Из цикла «Ангелы, демоны, коммунисты и другие сказочные существа».
…Оглашение приговора длилось четвертый час и публика уже заметно устала. Но, наконец, судья — женщина средних лет — приблизилась к концу.
— Итак, на основании всех представленных доказательств суд постановляет:
1) признать коммунизм человеконенавистнической идеологией
2) запретить любую пропаганду коммунизма на территории Российской Федерации — с внесением соответствующих поправок в Уголовный Кодекс Российской Федерации
3) запретить использование коммунистической символики на территории Российской Федерации — с внесением соответствующих поправок в Уголовный Кодекс Российской Федерации
4) запретить все организации, партии и союзы, исповедующие коммунистическую идеологию — с внесением соответствующих поправок в Уголовный Кодекс Российской Федерации
5) способствовать организации Международного Трибунала над коммунизмом.
Судья закончила.
Раздались аплодисменты. Зал, набитый политиками, общественными деятелями, писателями, журналистами, бизнесменами, звездами кино, театра и эстрады, священниками нескольких конфессий, в едином порыве стал кричать: «Браво! Так их! Раздавить гадину! Наконец-то!»

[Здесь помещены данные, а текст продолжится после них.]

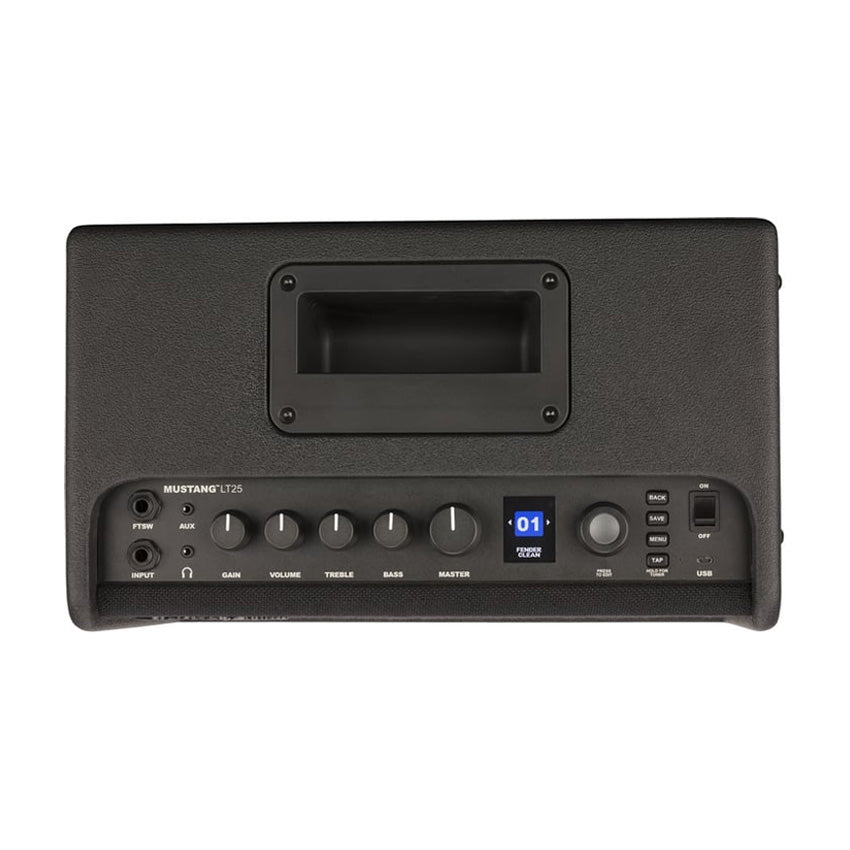 Introducing the Fender Mustang LT25 25W guitar combo amplifierThis amp incorporates what Fender has learned over decades of producing the best-sounding guitar amps on the planet. It’s ideal for beginners and students, with a super-simple user interface and a collection of 30 presets covering a wide range of music—a “greatest hits†of electric guitar tones. The versatile signal chain with high-quality on board amp and effects models produces amazing tones, making it an ideal practice amp for home or office.Fantastic presets and effectsWith 30 loaded presets plus 20 more that are easily accessible, the Mustang LT25 offers a plethora of tones that work for almost any genre of music. You can also play with various vintage classics from Fender and others, plus a collection of modern high-gain models.Create a multitude of unique sounds with the on board effects—including multiple distortion, overdrive, compression, modulation, reverb, delay and octave effects. Get your guitar in tune quickly and access the chromatic tuner at the push of a button.Great connectivityThe LT25 features USB connectivity meaning you can easily record tracks in your DAW of choice or update your firmware if necessary. There is also a stereo auxiliary so you can jam along with your favourite tracks using the convenient stereo aux input.Our Fender Mustang range Fender Mustang Micro guitar amplifier Fender Mustang LT25 25W guitar combo amplifier Fender Mustang LT40 40W guitar combo amplifier Fender Mustang LT50 50W guitar combo amplifier Fender Mustang GTX guitar modelling combo amplifierA versatile amplifier with a user friendly interface perfect for students and beginners, 25 watt, 8" speaker, Single channel along with 25 effects to create a multitude of unique sounds, Compact and easy to fit into any practice space, 1/4" input and USB connectivity, Features 60 presets and a chromatic tuner

Даже операторы ТВ оторвались от своих камер и хлопали высоко поднятыми руками.
Судья недовольно сделала знак, чтобы публика замолчала.
Затем обратилась к скамье подсудимых.
— Обвиняемый, вы хотите сказать что-то?
На скамье сидел маленький тщедушный старичок в очках. Точнее, стоял — как положено стоять в момент оглашения приговора.
Много-много лет назад он работал в Международном отделе ЦК КПСС, на какой-то мелкой должности, и к моменту так долго ожидаемого процесса оказался последним живым человеком, хоть как-то причастным к деятельности КПСС. И оттого был выбран в качестве символического ответчика за все преступления коммунизма на территории России — от развала великой Империи до путча ГКЧП.
Он сказал что-то, но шум еще не утих.
Судья постучала молоточком.
— Тишина в зале!
Шум стих.
— Да, — сказал старичок, и снял очки. — Хочу.
— Говорите, — сказал судья.
— Спасибо, — сказал старичок. — А то я уже, право, и забывать стал, как все это делается.
Он потянулся, дернул головой — и из его тела выскочили сотни, если не тысячи длинных белых мерзких щупалец, каждое из которых выстрелило в сторону публики, обвило каждого из присутствующих за шею и утащило к скамье подсудимых. Сам же старичок превратился в большой открытый рот, куда щупальца и кидали политиков, общественных деятелей, правозащитников, писателей, журналистов, бизнесменов, звезд кино, театра и эстрады, священников нескольких конфессий, а также телевизионщиков — и этот рот с омерзительным чавканьем всех их съел.
Последним рот съел судью.
Зал был пуст.
То, что было старичком, снова превратилось — теперь уже в юную девушку в потертых до дыр джинсах и футболке с надписью почему-то на финском «Proletariaatin diktatuuri» и изображением строгой женщины в очках, в которой, увы, никто не смог бы узнать Розалию Самойловну Землячку по причине того, что это было сделать некому.
Девушка вытерла салфеткой чьи-то крошки со рта, легко перепрыгнула через барьер и пошла на выход, насвистывая «Вихри враждебные».
Она почему-то улыбалась. Чему-то своему, сокровенному, девичьему.